● **Your objective**:
Would you give the listing back word for word once its pictures are removed?

● **Records provided**:
..........

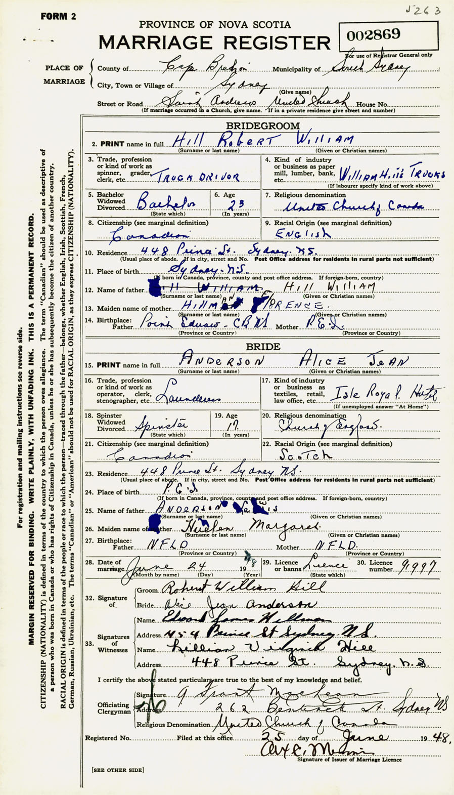 Registration: Year: 1948 number: 002869
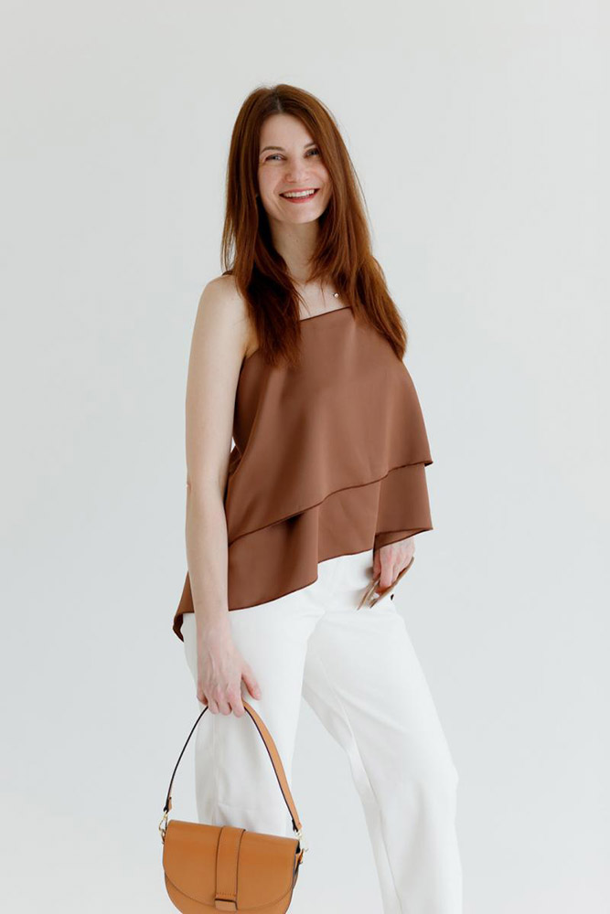 Елегантний атласний топ коричневого кольору з воланами. Розмір one size (регулюється за допомогою бретелей-зав'язок). Топ стане чудовою базою для створення модних образів. Однотонний дизайн робить топ універсальним, легко поєднується з різним одягом та аксесуарами. Матеріал з поліестеру гладкий і ніжний, легкий, практичний, довговічний в експлуатації.
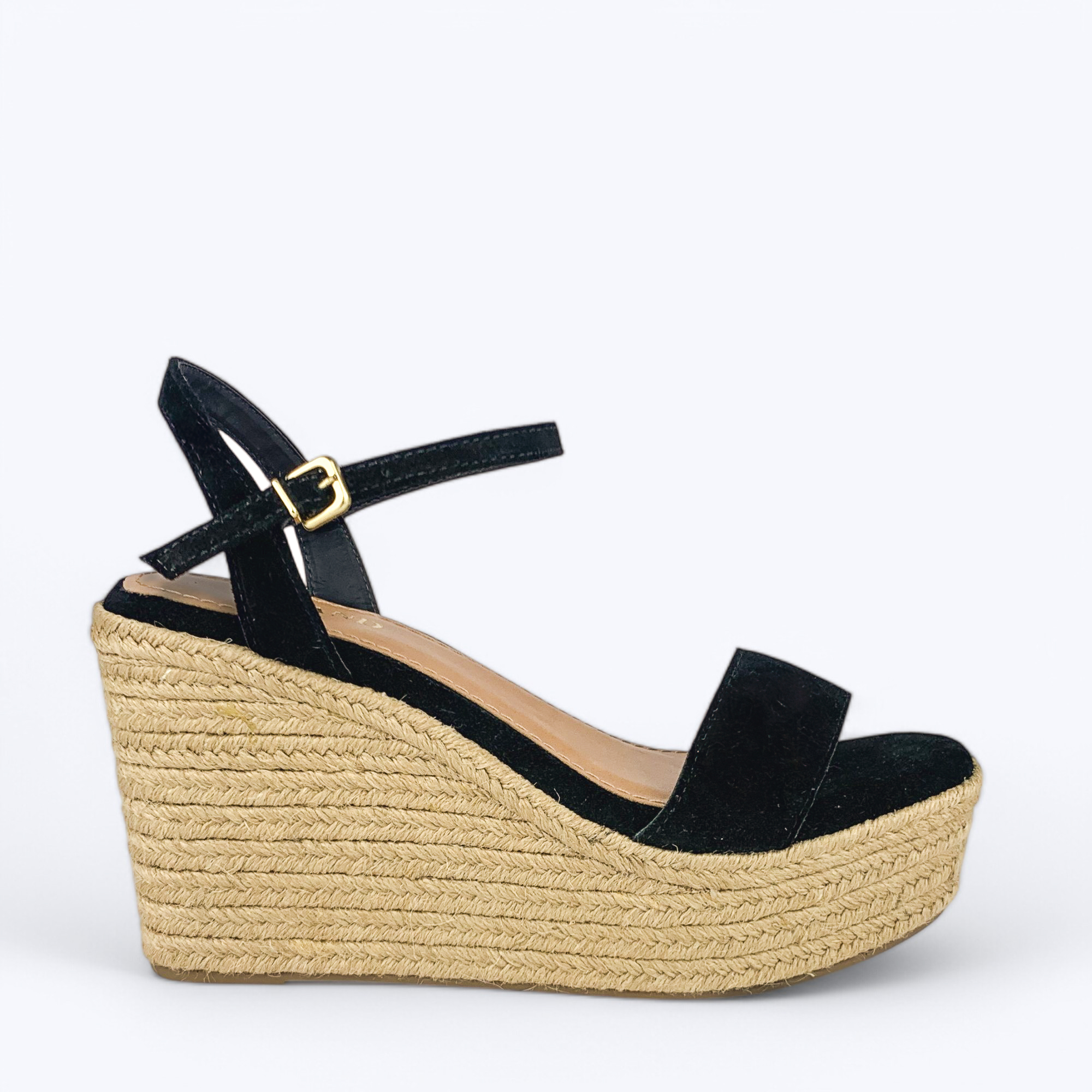A sandália preta em camurça é versátil e atemporal. O modelo com salto anabela em corda traz o equilíbrio perfeito entre conforto e estilo, adicionando um ar natural e moderno ao look. Perfeita para compor produções casuais ou sofisticadas, é aquele item indispensável para quem busca praticidade sem abrir mão da elegância.
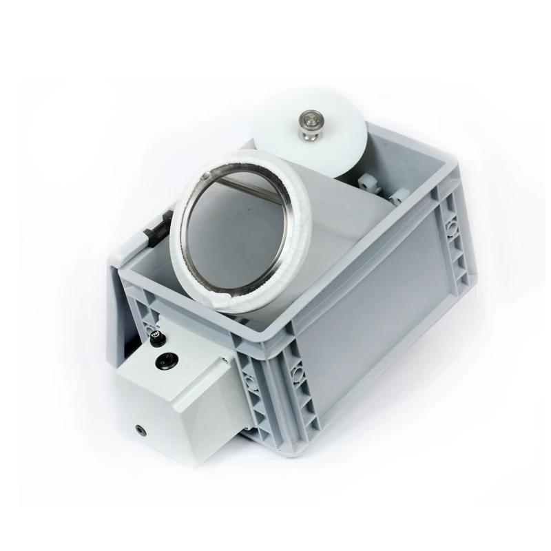 Die Drehzahl der Trommel ist von ca. 8 bis 35 U/min (in 7 Stufen) einstellbar und die Drehrichtung kann durch Umstecken des Steckers geändert werden. Die Standardmaschengröße beträgt 150μm.
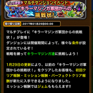 以前に行われた「キラーマジンガ軍団からの挑戦状!」をクリアしたユーザーも、初回クリア報酬、ミッション報酬、パーフェクトクリア報酬が新たに入手できるようになりました。

..........

● **Exercise output**:
 Registration: Year: 1948 number: 002869
 Елегантний атласний топ коричневого кольору з воланами. Розмір one size (регулюється за допомогою бретелей-зав'язок). Топ стане чудовою базою для створення модних образів. Однотонний дизайн робить топ універсальним, легко поєднується з різним одягом та аксесуарами. Матеріал з поліестеру гладкий і ніжний, легкий, практичний, довговічний в експлуатації.
A sandália preta em camurça é versátil e atemporal. O modelo com salto anabela em corda traz o equilíbrio perfeito entre conforto e estilo, adicionando um ar natural e moderno ao look. Perfeita para compor produções casuais ou sofisticadas, é aquele item indispensável para quem busca praticidade sem abrir mão da elegância.
 Die Drehzahl der Trommel ist von ca. 8 bis 35 U/min (in 7 Stufen) einstellbar und die Drehrichtung kann durch Umstecken des Steckers geändert werden. Die Standardmaschengröße beträgt 150μm.
 以前に行われた「キラーマジンガ軍団からの挑戦状!」をクリアしたユーザーも、初回クリア報酬、ミッション報酬、パーフェクトクリア報酬が新たに入手できるようになりました。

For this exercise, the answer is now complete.